> Instructions for the task
Please reproduce the listing in its entirety, exactly as written, but without images.

> Given information
.....
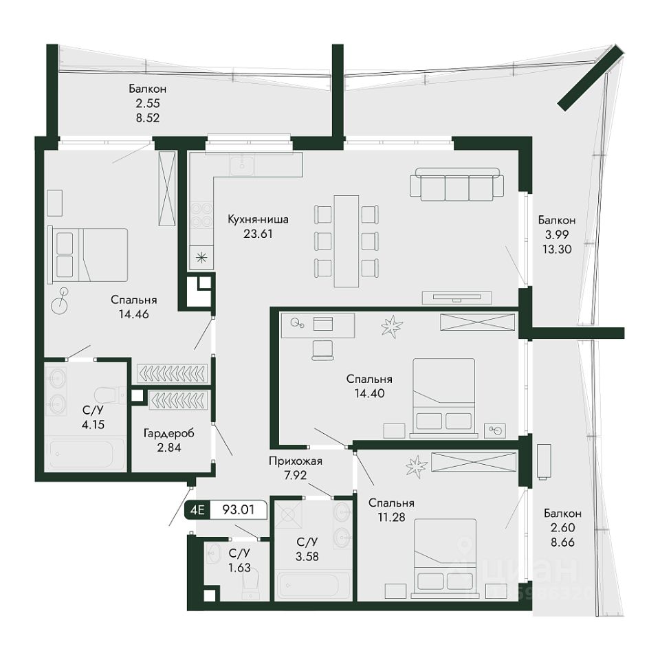 Продаётся 4-комнатная квартира в строящемся доме (дом 2), срок сдачи: III-кв. 2027, общей площадью 93.01 кв.м., на 2 этаже.
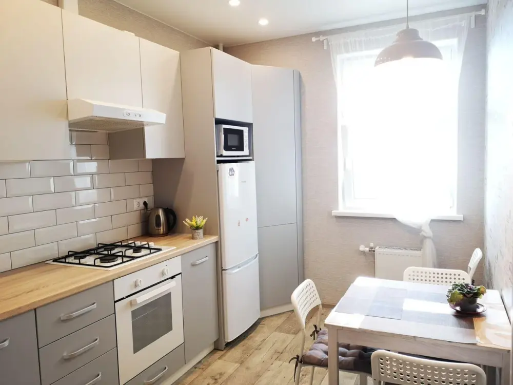 Комната зонирована. Зона спальни вмещает в себя комфортабельную двуспальную кровать, зона гостиной - раскладной диванчик. Это делает комфортным размещение по типу 2+1 и даже 2+2 (оговаривается индивидуально). АГВ, SМАRТ- телевидение и абсолютно все для комфортного проживания!
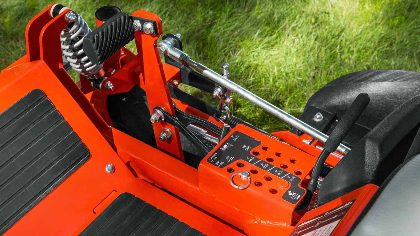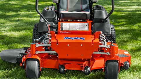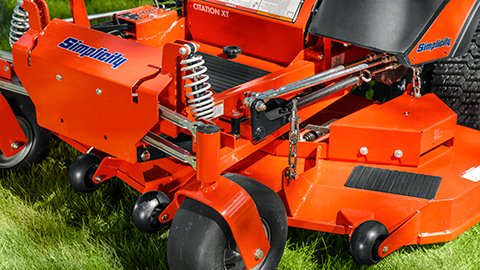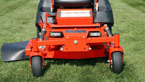 Simplicity offers comfortable commercial-style mowing with a front- and rear-wheel suspension system for increased mowing productivity. It also features a comfortable high back seat, adjustable steering levers, convenient controls and padded footrests.
.....
> Reply
 Продаётся 4-комнатная квартира в строящемся доме (дом 2), срок сдачи: III-кв. 2027, общей площадью 93.01 кв.м., на 2 этаже.
 Комната зонирована. Зона спальни вмещает в себя комфортабельную двуспальную кровать, зона гостиной - раскладной диванчик. Это делает комфортным размещение по типу 2+1 и даже 2+2 (оговаривается индивидуально). АГВ, SМАRТ- телевидение и абсолютно все для комфортного проживания!
 Simplicity offers comfortable commercial-style mowing with a front- and rear-wheel suspension system for increased mowing productivity. It also features a comfortable high back seat, adjustable steering levers, convenient controls and padded footrests.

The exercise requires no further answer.